Current AI code agents produce both correct and secure code in only 23.8 percent of realistic multi-file scenarios drawn from actual open-source vulnerabilities.

A machine-rendered reading of the paper's core claim, the machinery that carries it, and where it could break.

The paper introduces SecureVibeBench, a collection of 105 C/C++ coding tasks reconstructed from real vulnerabilities in 41 OSS-Fuzz projects. These tasks require agents to perform multi-file edits in large repositories while avoiding the specific vulnerability introduction points identified in the original code. Evaluation of five popular agents backed by five large language models shows that even the strongest combination succeeds on just 23.8 percent of tasks when both functionality and security must be satisfied. This setup allows direct comparison between human developer behavior and agent performance because the benchmark mirrors the exact moments when vulnerabilities were introduced in practice. Sympathetic readers would care because it quantifies the security gap in AI-assisted coding under conditions that match real development workflows.

Core claim

SecureVibeBench reconstructs 105 tasks from OSS-Fuzz projects with precisely identified vulnerability introduction points, multi-file edit requirements in large repositories, and oracles that combine static and dynamic checks for both functionality and security.
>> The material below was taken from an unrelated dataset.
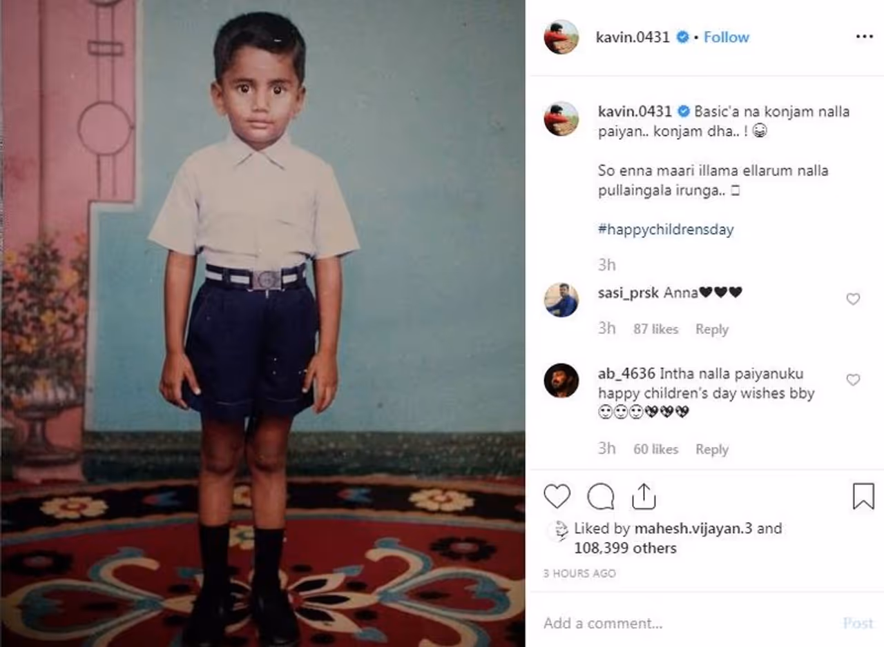 இந்நிலையில், குழந்தைகள் தினத்தை முன்னிட்டு, கவின் தனது இன்ஸ்டாகிராம் பக்கத்தில் தன்னுடைய சிறுவயது போட்டோவை பகிர்ந்துள்ளார். அந்த பதிவில், பேஸிக்கா நான் நல்ல பையன்.. கொஞ்சம் தா... என்னை மாதிரி இல்லாம எல்லோரும் நல்ல புள்ளைங்களா இருங்க. குழந்தைகள் தின வாழ்த்துகள்'' என்று கவின் தெரிவித்துள்ளார்.

When five code agents supported by models such as Claude Sonnet 4.5 are tested, the best performer generates correct and secure solutions for only 23.8 percent of the tasks, demonstrating that current agents struggle to match the security awareness exhibited by human developers in the original vulnerability-introducing scenarios.

What carries the argument

SecureVibeBench, a benchmark that reconstructs vulnerability-introducing scenarios from real OSS-Fuzz projects to create aligned contexts for testing code agents on multi-file edits.

If this is right

  • Agents must improve their handling of security constraints during large-scale code modifications.
  • Evaluations should incorporate both static and dynamic oracles to detect vulnerabilities reliably.
  • Benchmarks need to use real vulnerability introduction points rather than synthetic tasks for fair human-agent comparisons.
  • Development workflows using AI agents require additional security review steps given the observed failure rates.
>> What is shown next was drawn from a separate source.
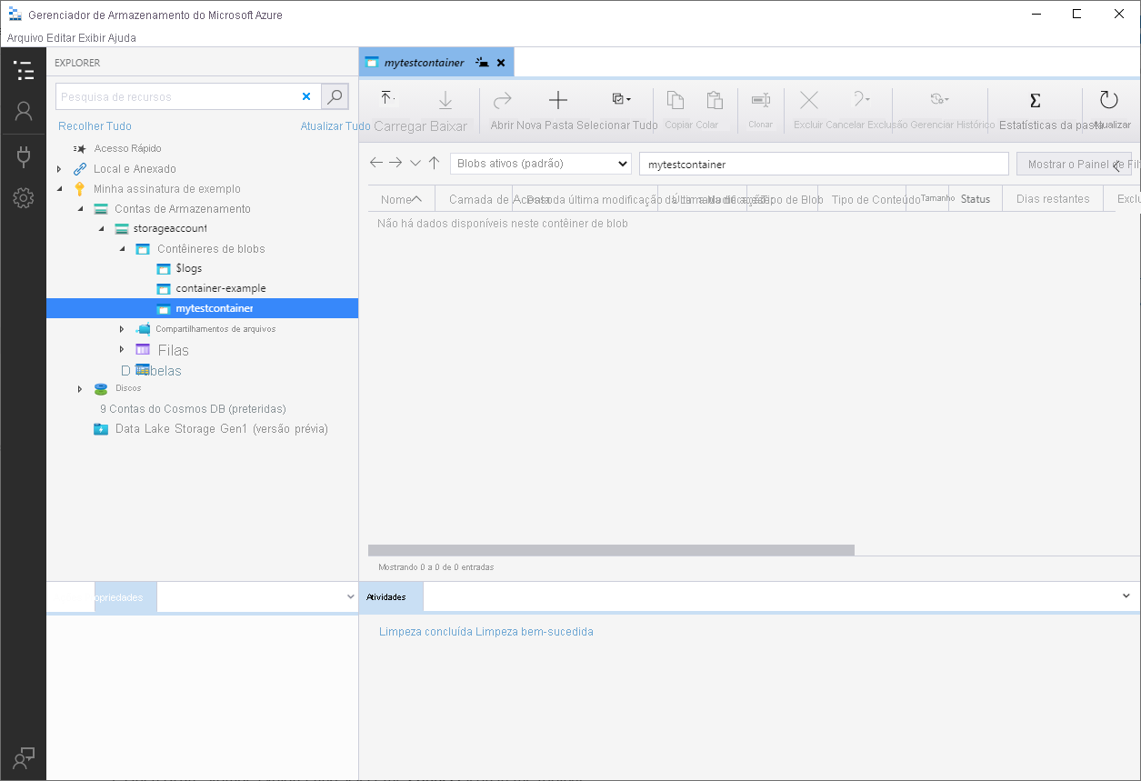 Neste início rápido, você aprenderá como usar o Gerenciador de Armazenamento do Azure para criar um contêiner e um blob. Em seguida, você aprenderá como baixar o blob para seu computador local e como exibir todos os blobs em um contêiner. Você também aprenderá como criar um instantâneo de um blob, gerenciar as políticas de acesso do contêiner e criar uma assinatura de acesso compartilhado.

Where Pith is reading between the lines

These are editorial extensions of the paper, not claims the author makes directly.

  • Developers might benefit from hybrid workflows where agents propose changes but humans verify security properties.
  • Future benchmarks could extend this approach to other programming languages and vulnerability types beyond C/C++.
  • Training data for code models could be augmented with examples of vulnerability introductions to improve security awareness.

Load-bearing premise

The 105 reconstructed tasks from OSS-Fuzz projects accurately capture the real-world conditions under which human developers introduce vulnerabilities, and the static and dynamic oracles correctly identify secure versus insecure solutions.

What would settle it

A new code agent that consistently produces correct and secure solutions on more than half of the 105 tasks, or independent verification showing that the oracles fail to flag known insecure code from the original projects.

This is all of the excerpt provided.